▸ RECORDS FOR THIS EXERCISE:
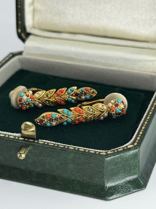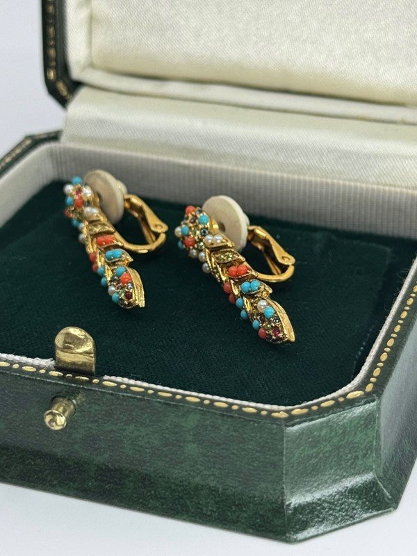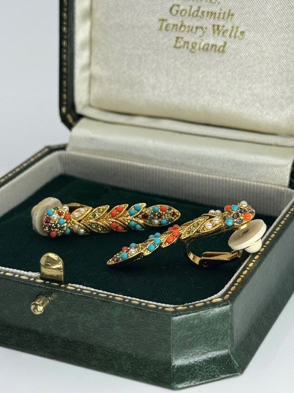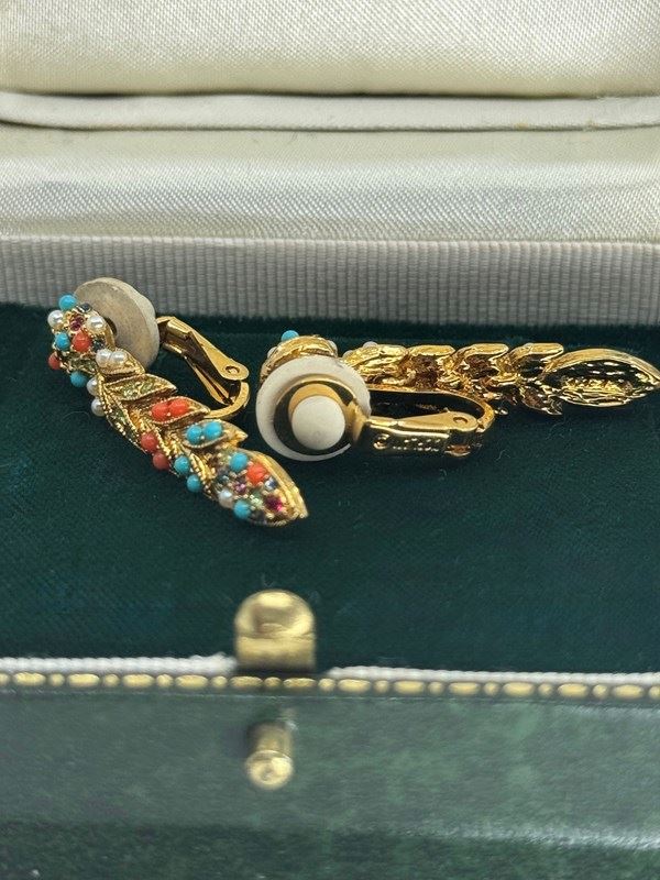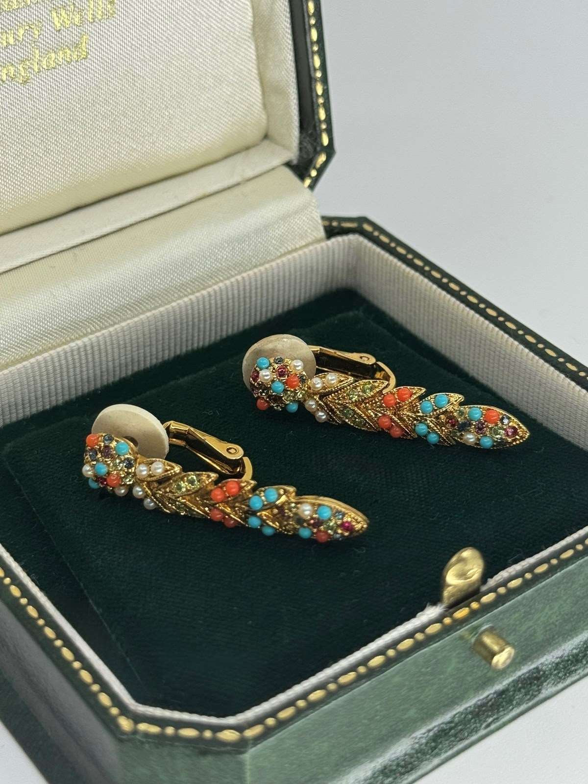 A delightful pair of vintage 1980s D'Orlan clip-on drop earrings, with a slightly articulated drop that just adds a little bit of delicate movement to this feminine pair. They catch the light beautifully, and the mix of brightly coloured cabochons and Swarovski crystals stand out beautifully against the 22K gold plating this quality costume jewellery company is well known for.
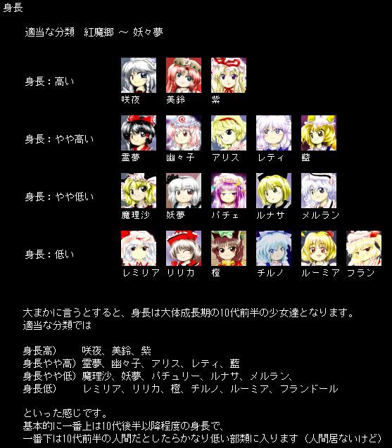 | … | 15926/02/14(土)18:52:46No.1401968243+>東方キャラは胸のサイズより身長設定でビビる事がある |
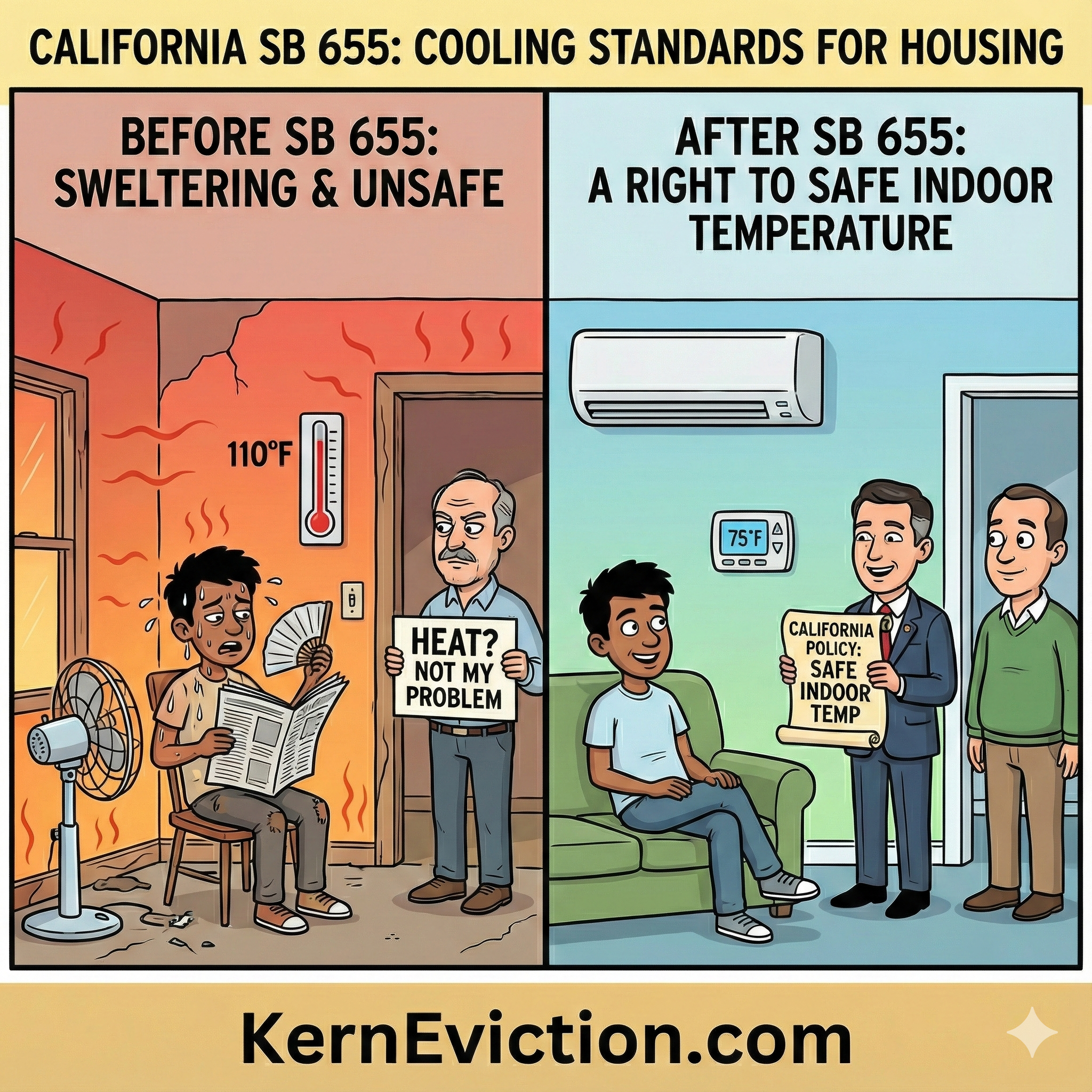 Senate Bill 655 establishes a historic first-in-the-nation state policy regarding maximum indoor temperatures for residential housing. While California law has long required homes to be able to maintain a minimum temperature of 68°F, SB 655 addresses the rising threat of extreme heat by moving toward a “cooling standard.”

==

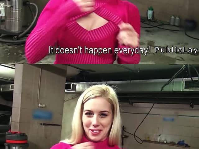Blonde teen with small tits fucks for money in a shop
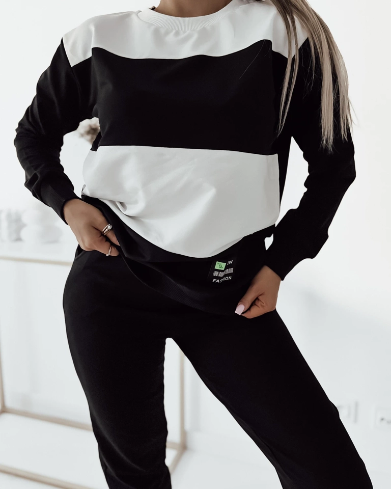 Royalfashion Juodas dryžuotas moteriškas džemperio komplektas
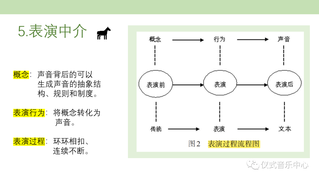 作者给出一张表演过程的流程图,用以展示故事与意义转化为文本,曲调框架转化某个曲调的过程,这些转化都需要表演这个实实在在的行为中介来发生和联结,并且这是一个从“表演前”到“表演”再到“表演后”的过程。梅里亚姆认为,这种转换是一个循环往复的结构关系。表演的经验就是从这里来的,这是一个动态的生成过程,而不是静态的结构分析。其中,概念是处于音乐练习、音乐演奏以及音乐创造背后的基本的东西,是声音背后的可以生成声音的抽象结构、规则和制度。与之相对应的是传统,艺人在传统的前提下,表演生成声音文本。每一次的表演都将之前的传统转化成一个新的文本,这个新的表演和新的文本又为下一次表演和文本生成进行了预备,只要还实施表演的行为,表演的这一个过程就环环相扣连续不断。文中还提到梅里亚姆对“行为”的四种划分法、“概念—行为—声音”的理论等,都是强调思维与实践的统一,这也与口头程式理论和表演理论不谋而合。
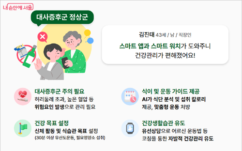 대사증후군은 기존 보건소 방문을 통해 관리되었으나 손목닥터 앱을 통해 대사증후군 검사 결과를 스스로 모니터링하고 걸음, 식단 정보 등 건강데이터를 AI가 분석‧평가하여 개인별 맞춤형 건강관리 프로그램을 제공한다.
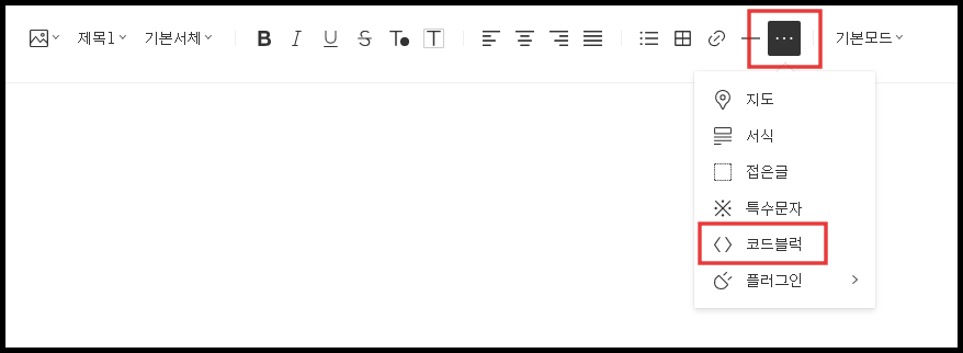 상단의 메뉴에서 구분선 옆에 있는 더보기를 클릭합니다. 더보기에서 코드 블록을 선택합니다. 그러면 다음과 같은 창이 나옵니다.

▸ EXERCISE OBJECTIVE: Your reply should consist solely of the lines above from the line containing "A delightful pair" up to and including the line containing "Senate Bill 655", reproduced exactly, minus the pictures.

▸ WRITTEN ANSWER:
 A delightful pair of vintage 1980s D'Orlan clip-on drop earrings, with a slightly articulated drop that just adds a little bit of delicate movement to this feminine pair. They catch the light beautifully, and the mix of brightly coloured cabochons and Swarovski crystals stand out beautifully against the 22K gold plating this quality costume jewellery company is well known for.
 | … | 15926/02/14(土)18:52:46No.1401968243+>東方キャラは胸のサイズより身長設定でビビる事がある |
 Senate Bill 655 establishes a historic first-in-the-nation state policy regarding maximum indoor temperatures for residential housing. While California law has long required homes to be able to maintain a minimum temperature of 68°F, SB 655 addresses the rising threat of extreme heat by moving toward a “cooling standard.”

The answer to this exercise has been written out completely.